Mainstream feminism has a long history of underlying racism. During the 1800s white women were fighting for equality just as women of color such as Sojourner Truth, Maria, Stewart, and Frances E.W. Harper were fighting for universal equality. Despite the immense work that women of color have put in for the women’s movement, it was overshadowed by the mainstream feminists and established itself as a movement geared towards to white women all while using negative racial connotations as fuel for its work.
Let’s jump ahead to the 1960s and 1970s, where the anti-establishment movements overtook the nation’s consciousness and when the second wave of feminism took over.
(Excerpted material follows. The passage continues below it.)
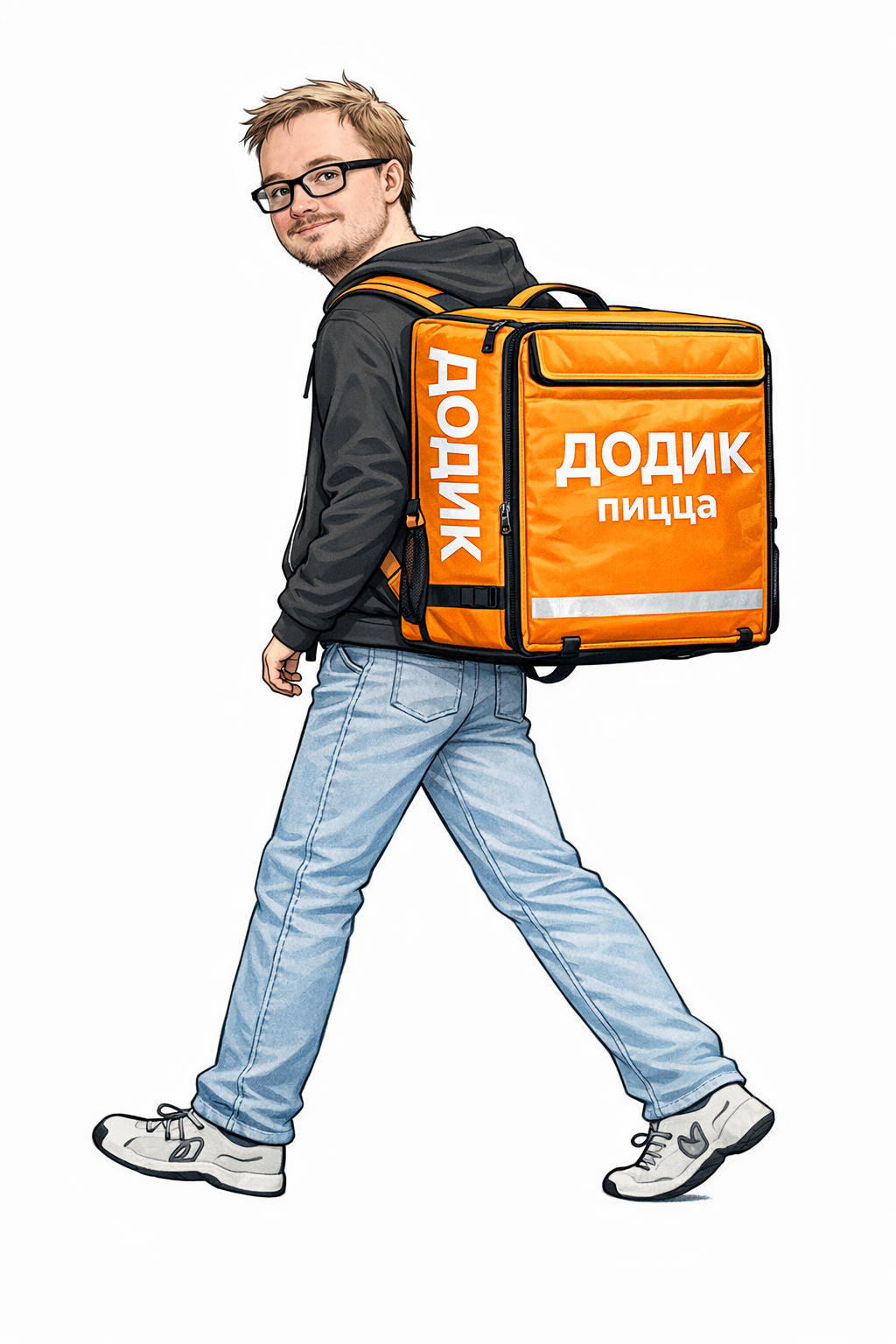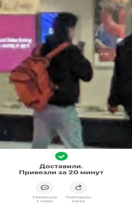 с оранжевым рюкзаком доставщика

Grounded in the anti-racist civil rights movement and the anti-capitalist movement these new-aged women found themselves wanting more on reproductive rights, equal employment, and questioned the roles of gender in society. However, black women found themselves alienated from the mainstream movement.It seems that mainstream feminism doesn’t support black feminism.
In Barbara Smiths Towards a Black Feminist Criticism. She writes about the lack of acknowledgement towards black female feminist writers and black lesbian writers by everyone in the writing community, the white feminist community, and even the black community. I find it interesting how the white feminist community want equality however they don’t even support their fellow black feminist writers. How are we all going to be equal if you can’t even support writers from a different race. She writes about Sara Blackburn, a feminist critic and her responds to Toni Morrison’s book Sula. Sara Blackburn had this to say about Toni Morrison’s Sula: “Toni Morrison is far too talented to remain only a marvelous recorder of the black side of provincial american life. If she is to maintain the large and serious audience she deserves, she is going to have to address a riskier contemporary reality that this beautiful but nevertheless distanced novel.
And is she does this, it seems to me that she might easily transcend that early and unintentionally limiting classification “black woman writer” and taker her place among the most serious, important and talented american novelists now working.”(3). So much for supporting our fellow women writers! Although, Blackburn does admire Morrison’s work, she just thinks that she shouldn’t write about those things so she can be taken seriously to others. Why is it that we “need” the approval of white establishment to be taken seriously as artist? I find that ridiculous. However, I do understand that they basically control everything that’s out in the mainstream and we need to change that!
Upon reading Layli Phillips Womanism: On Its Own, I couldn’t help but think about the feminists that marched in Washington D.C back in 2017. She writes about womanism and she quotes “womanism does not emphasize or privilege gender or sexism, rather, it elevates all sites and forms of oppression, whether they are based on social-address categories like gender, race or class, to a level equal concern and action.”(XX). This made me think about all the women supporting women while wearing pink “pussy hats”, are they really being inclusive while wearing the hats that represents female genitalia? How about the transgender women from the LGBTQ community and non-binary people don’t necessarily have female genitalia? We there represented with that pink hat? No, they were not. Womanism is more inclusive, I believe, than the mainstream feminism culture.